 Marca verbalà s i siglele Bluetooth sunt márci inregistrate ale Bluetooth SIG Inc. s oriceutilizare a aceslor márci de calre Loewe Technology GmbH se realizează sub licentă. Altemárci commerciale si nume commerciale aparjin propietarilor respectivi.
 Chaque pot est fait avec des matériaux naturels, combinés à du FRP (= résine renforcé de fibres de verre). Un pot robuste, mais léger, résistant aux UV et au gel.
------------
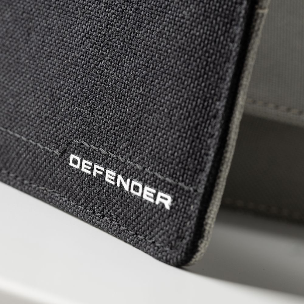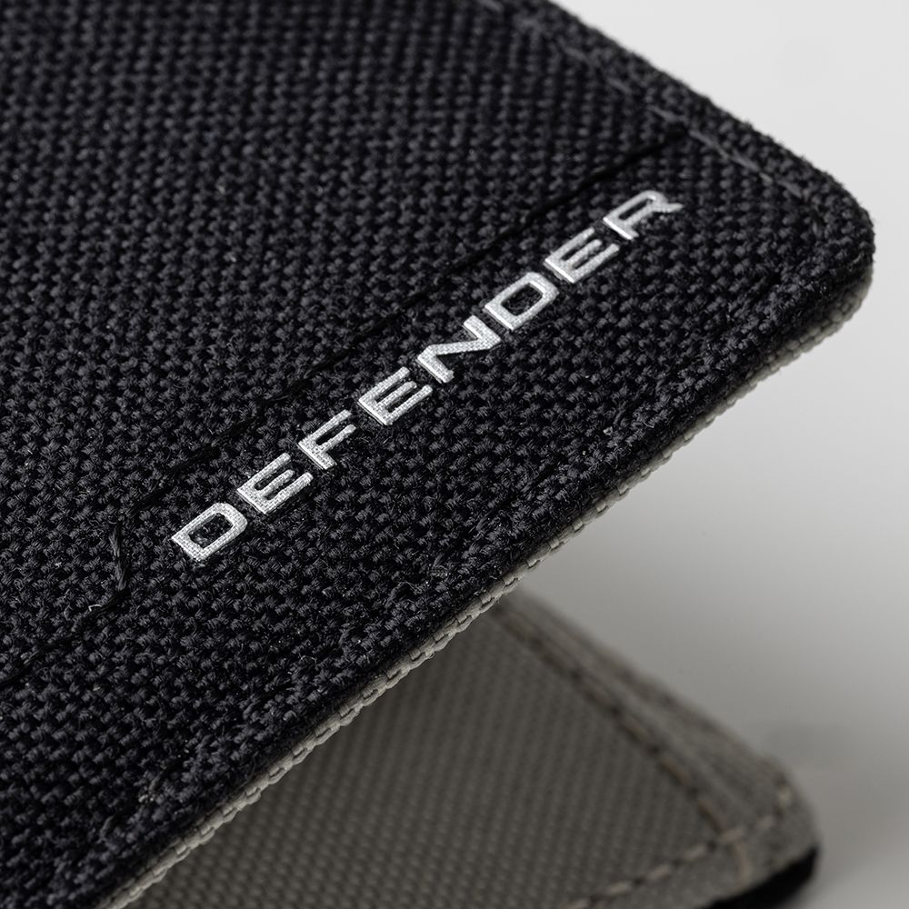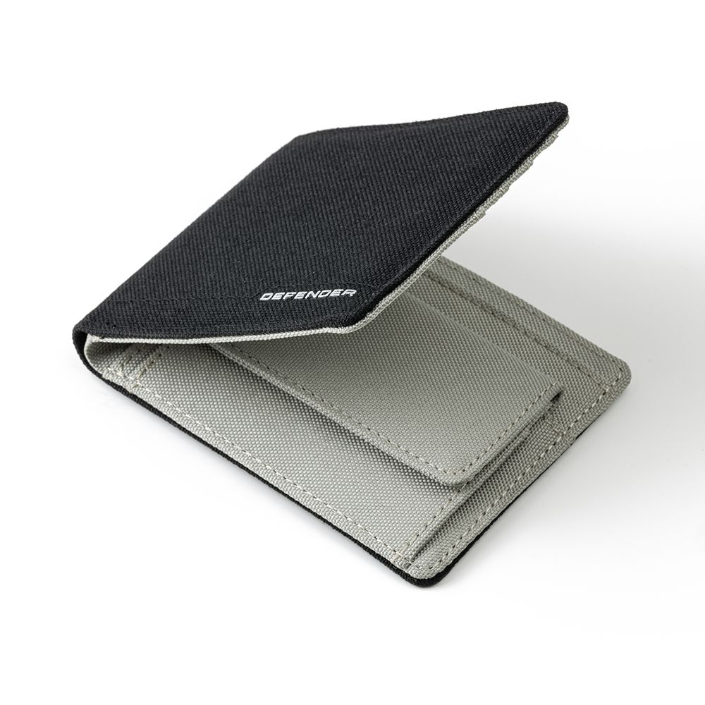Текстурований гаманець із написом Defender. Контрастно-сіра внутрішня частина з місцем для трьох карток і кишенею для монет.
------------
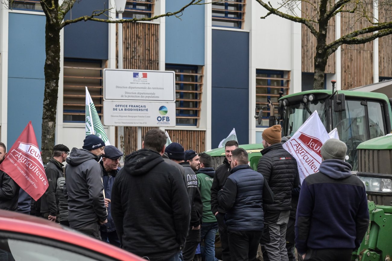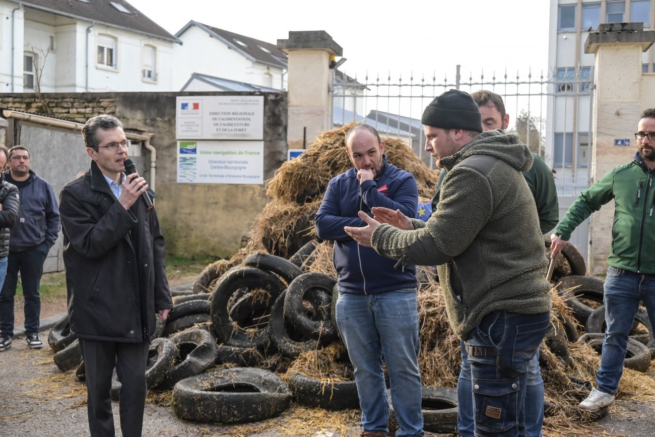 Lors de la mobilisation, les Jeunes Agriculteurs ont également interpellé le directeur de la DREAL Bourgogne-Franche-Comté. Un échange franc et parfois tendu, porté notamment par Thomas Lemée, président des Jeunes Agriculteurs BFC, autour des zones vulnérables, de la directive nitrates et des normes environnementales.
------------
- [Task brief]:
In the listing above, find the line with "Marca verbalà s" and the line with "Chaque pot est"; output exactly those lines and all lines between them.

- [Solution for this exercise]:
 Marca verbalà s i siglele Bluetooth sunt márci inregistrate ale Bluetooth SIG Inc. s oriceutilizare a aceslor márci de calre Loewe Technology GmbH se realizează sub licentă. Altemárci commerciale si nume commerciale aparjin propietarilor respectivi.
 Chaque pot est fait avec des matériaux naturels, combinés à du FRP (= résine renforcé de fibres de verre). Un pot robuste, mais léger, résistant aux UV et au gel.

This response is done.